# EXERCISE OBJECTIVE
The material below holds pictures; leave them out and reproduce exactly the lines from the one with "Thiếu nữ làm" through the one with "第二节湖东谈主一直保捏跨越况", inclusive.

# GIVEN ENTRIES
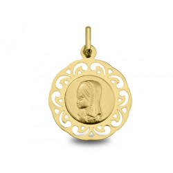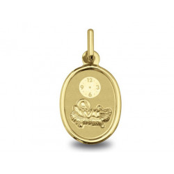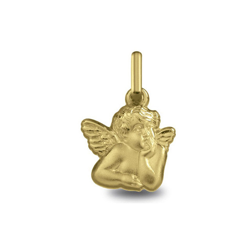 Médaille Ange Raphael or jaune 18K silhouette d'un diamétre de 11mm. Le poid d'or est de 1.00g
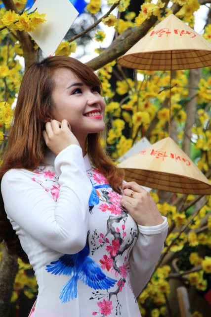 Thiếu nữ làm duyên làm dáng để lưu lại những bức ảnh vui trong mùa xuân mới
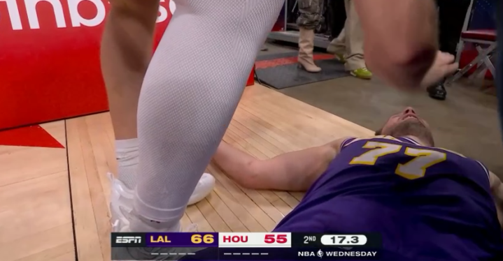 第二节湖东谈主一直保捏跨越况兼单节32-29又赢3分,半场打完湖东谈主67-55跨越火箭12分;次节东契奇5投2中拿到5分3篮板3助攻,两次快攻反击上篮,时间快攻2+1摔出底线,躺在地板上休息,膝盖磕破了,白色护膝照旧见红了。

* * *

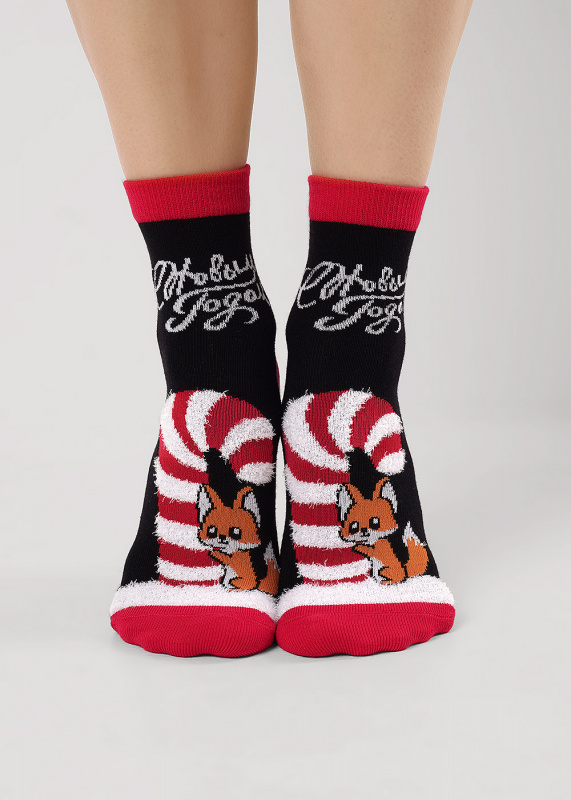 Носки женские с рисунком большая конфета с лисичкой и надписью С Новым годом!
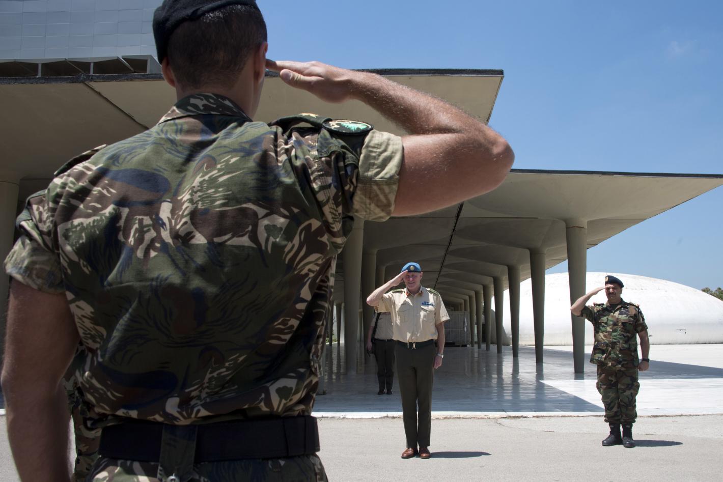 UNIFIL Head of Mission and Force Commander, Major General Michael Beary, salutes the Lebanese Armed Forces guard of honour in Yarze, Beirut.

---

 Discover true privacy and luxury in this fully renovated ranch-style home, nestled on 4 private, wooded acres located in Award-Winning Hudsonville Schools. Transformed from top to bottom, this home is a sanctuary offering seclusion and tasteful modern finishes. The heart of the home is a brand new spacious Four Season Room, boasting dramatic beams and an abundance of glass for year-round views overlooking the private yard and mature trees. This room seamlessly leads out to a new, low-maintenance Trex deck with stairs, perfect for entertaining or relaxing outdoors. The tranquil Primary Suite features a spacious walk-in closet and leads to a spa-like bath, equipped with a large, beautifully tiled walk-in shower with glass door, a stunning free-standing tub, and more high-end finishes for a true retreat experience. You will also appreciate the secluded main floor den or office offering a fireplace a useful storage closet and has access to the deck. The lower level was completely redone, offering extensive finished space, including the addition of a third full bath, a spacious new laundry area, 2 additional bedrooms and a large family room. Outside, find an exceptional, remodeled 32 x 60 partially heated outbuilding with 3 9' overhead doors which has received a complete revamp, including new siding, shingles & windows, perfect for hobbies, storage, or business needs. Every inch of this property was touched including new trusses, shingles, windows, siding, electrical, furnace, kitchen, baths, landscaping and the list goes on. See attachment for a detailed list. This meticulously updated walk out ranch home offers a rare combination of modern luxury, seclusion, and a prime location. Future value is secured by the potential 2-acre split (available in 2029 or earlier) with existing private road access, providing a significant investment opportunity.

# EXERCISE RESULT
 Thiếu nữ làm duyên làm dáng để lưu lại những bức ảnh vui trong mùa xuân mới
 第二节湖东谈主一直保捏跨越况兼单节32-29又赢3分,半场打完湖东谈主67-55跨越火箭12分;次节东契奇5投2中拿到5分3篮板3助攻,两次快攻反击上篮,时间快攻2+1摔出底线,躺在地板上休息,膝盖磕破了,白色护膝照旧见红了。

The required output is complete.